Friday, November 22, 2019

Concentrating Solar: The right first step toward zero cost energy

Nearly zero cost energy is a real possibility for humans living in close proximity to a large fusion device with billions of years of fuel left. However, the immediate need to push away from fossil fuels has led to massive investments into inefficient alternatives such as photovoltaic cells and wind turbines. Both of these have inherent limitations and in the absence of hitherto unknown materials, these technologies could never reach the required efficiencies to be useful. This is another reminder that a focus on incremental innovation is not the right approach to solve big problems. Recent news (1) that concentrating solar with an array of reflectors driven by Artificial Intelligence could generate temperatures exceeding 1000 degrees is welcome news. Although initial applications could be industrial, power production cannot be too far behind.

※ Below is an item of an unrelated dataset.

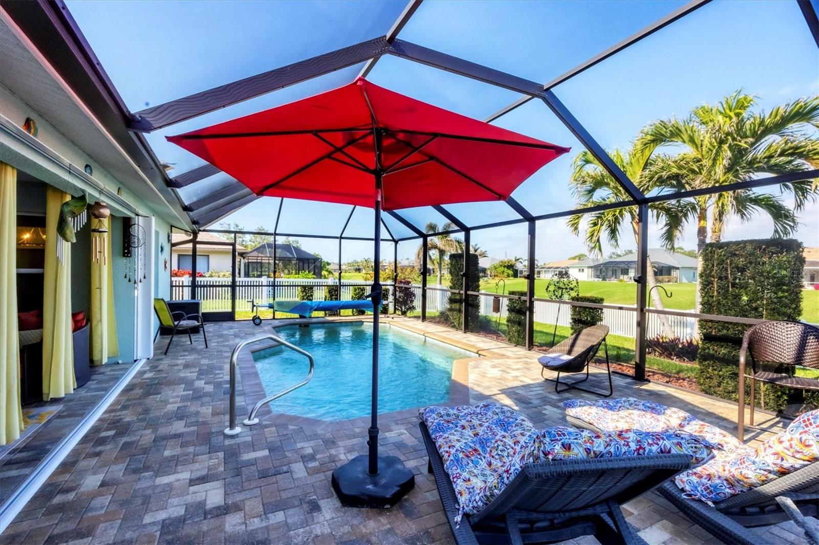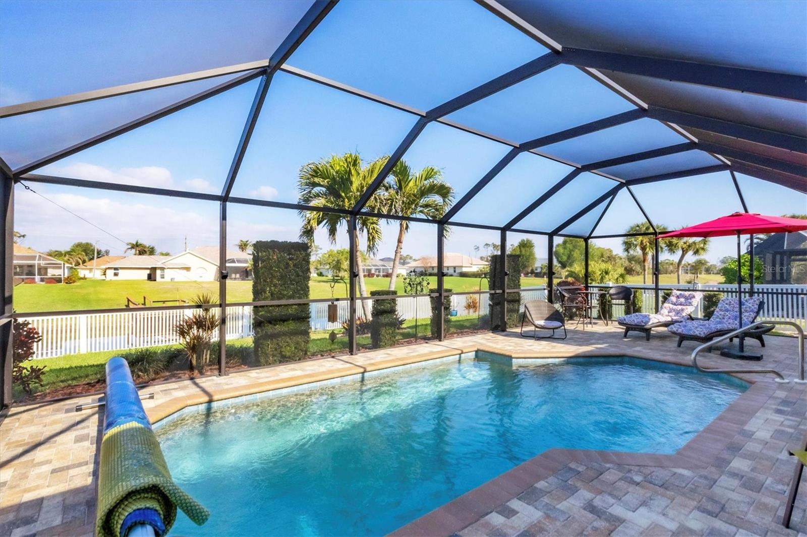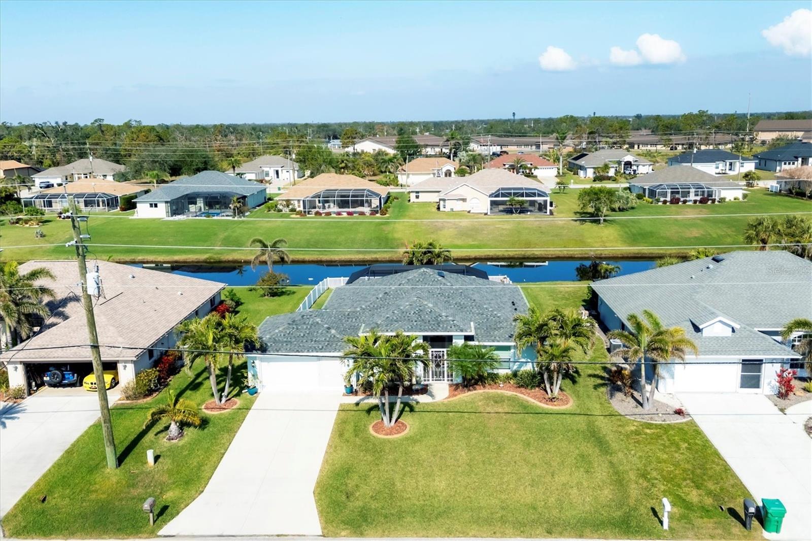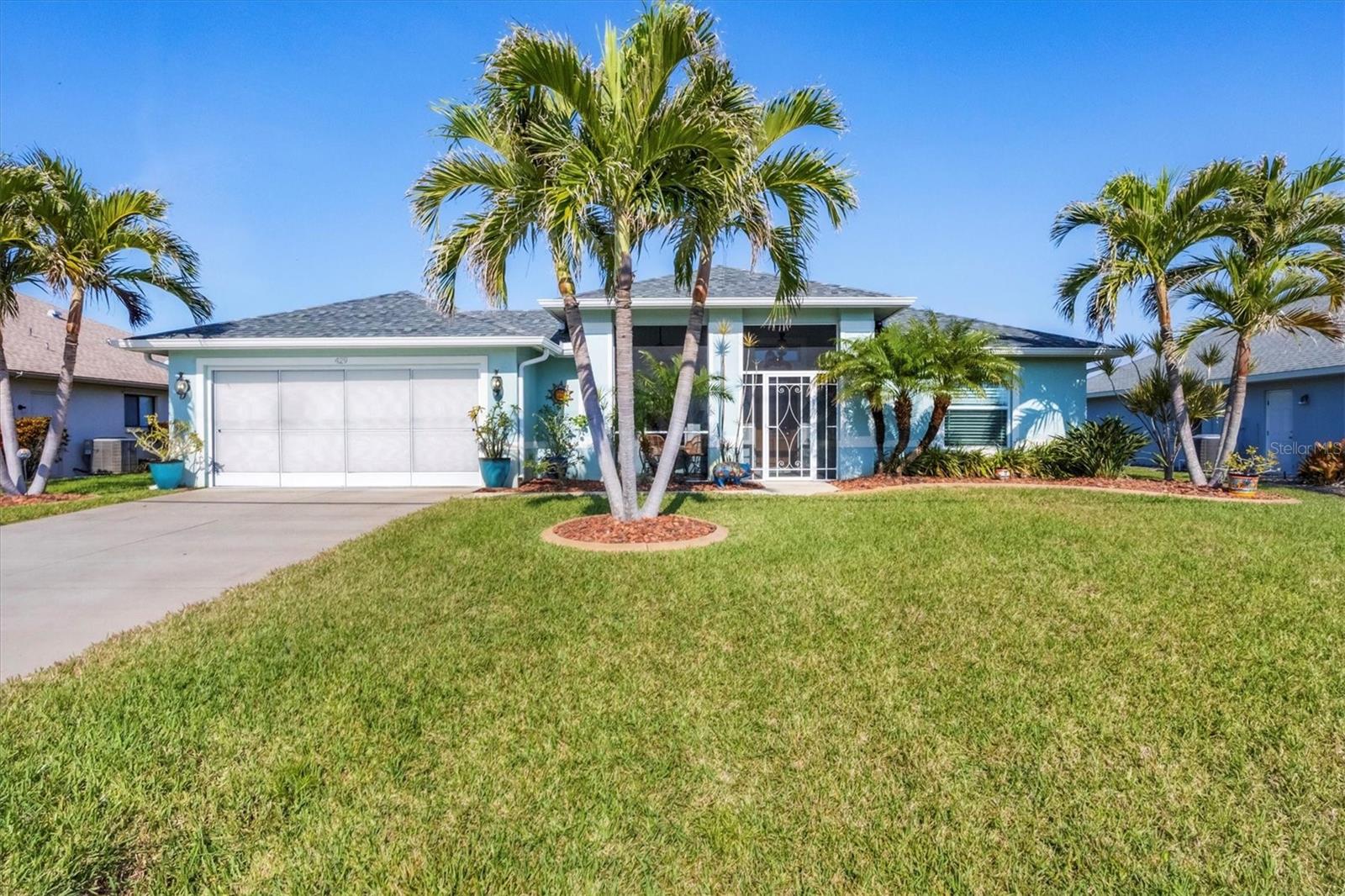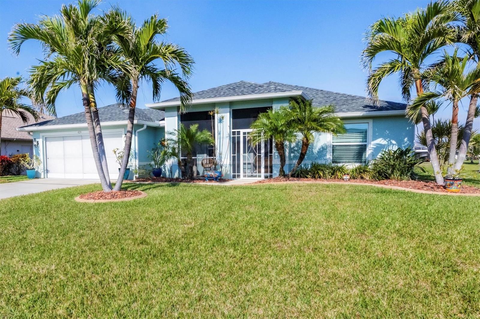 Designed to capture the best of its coastal locale, this charming and meticulously maintained home invites all who enter to exhale. It is a calm oasis, cozy and relaxed, where owners and guests can retreat after spending a sun-kissed day at Englewood Beach. Upon entry, guests will appreciate a sea-glass-inspired color palette, resulting in a feeling of understated luxury that feels warm and welcoming, with a design that makes the living room, dining areas, and kitchen the heart of family life. Here, spacious volume ceilings and abundant natural light add an eye-appealing ambiance. French doors in the living room open to the lanai, home to a heated pool surrounded by a beautiful brick paver patio, creating a strong indoor-outdoor connection that encourages al fresco living while taking full advantage of Florida's signature temperate climate--all set to the backdrop of a freshwater canal. Fuss-free outdoor furniture and decor can be easily arranged to encourage leisurely conversation and relaxation, creating an undeniably resort-style vibe and the perfect place to savor a 5:00 cheeseboard. The home's heart is a well-appointed kitchen with on-trend Shaker-style cabinetry accentuated with granite countertops and an attractive subway tile backsplash. Upgraded GE dark stainless-steel appliances make food prep a pleasure, and the adjacent dining area overlooks the pool and makes even a weeknight meal feel special. The primary bedroom is a sumptuous private retreat--a haven of comfort and serenity, with an ensuite bath featuring dual sinks, a spacious walk-in shower, and a private water closet. Guest bedroom two is currently being used as a multi-purpose flex space. Nearby, guest bedroom three was thoughtfully designed to welcome visitors. Within a few steps, a shared guest bathroom is outfitted with a tub/shower combination accentuated with an attractive tile surround. Other notable home features include NEW ROOF (2022), ceramic tile flooring, zoned irrigation fed from the canal (new irrigation panel 2018), hurricane shutters, a highly coveted X-FLOOD ZONE location, hurricane-resistant garage door (2021), all-new 10-year smoke detectors, high-efficiency pool pump (2023), irrigation pump (2025), Pentair LED pool lights with color play (2025), and an indoor laundry room with a convenient splash sink. Rotonda West is a quiet, friendly neighborhood within a short drive to the pristine Gulf beaches of Boca Grand and Englewood. There are world-class fishing and boating opportunities, eclectic dining establishments, and shopping venues nearby, and golf enthusiasts will appreciate the community's five courses. This charming and inviting home is filled with happy moments captured in time, and there is plenty of room for more picture-perfect memories to come. It is a comfortable and peaceful gathering place for family and friends, and it is just waiting for you to call it 'home.' With its salty air and proximity to pristine Gulf beaches on Manasota Key--10 miles as the seagull flies, what are you waiting for? Call today to schedule a private showing, and prepare to be captivated by this dynamic community where every day feels like a vacation! (THIS HOME IS BEING SOLD PARTIALLY FURNISHED)

On the other hand, room temperature superconductivity, something engineers have been dreaming about for many decades is yet to materialize. Just like photovoltaic cells, the focus here has been incremental. Because of this, we are not too far from where we were a few decades ago. A few 10s of Kelvin higher temperature, albeit interesting scientifically, has no real practical implications. Rather than nourishing this toward room temperature slowly, engineers should throw out the templates they are working on and start with the requirement of finding superconductivity at room temperature, nothing less.

With efficient harvesting of heat through well designed concentrating solar devices moving toward central power production, it is imperative that we make advances in superconductivity as the transmission and distribution of power will become more important in the future. If concentrating solar wins, we will have to shelve all the contemporary inefficient and costly attempts for distributed power production.

Incrementalism is not a good approach to solve big problems.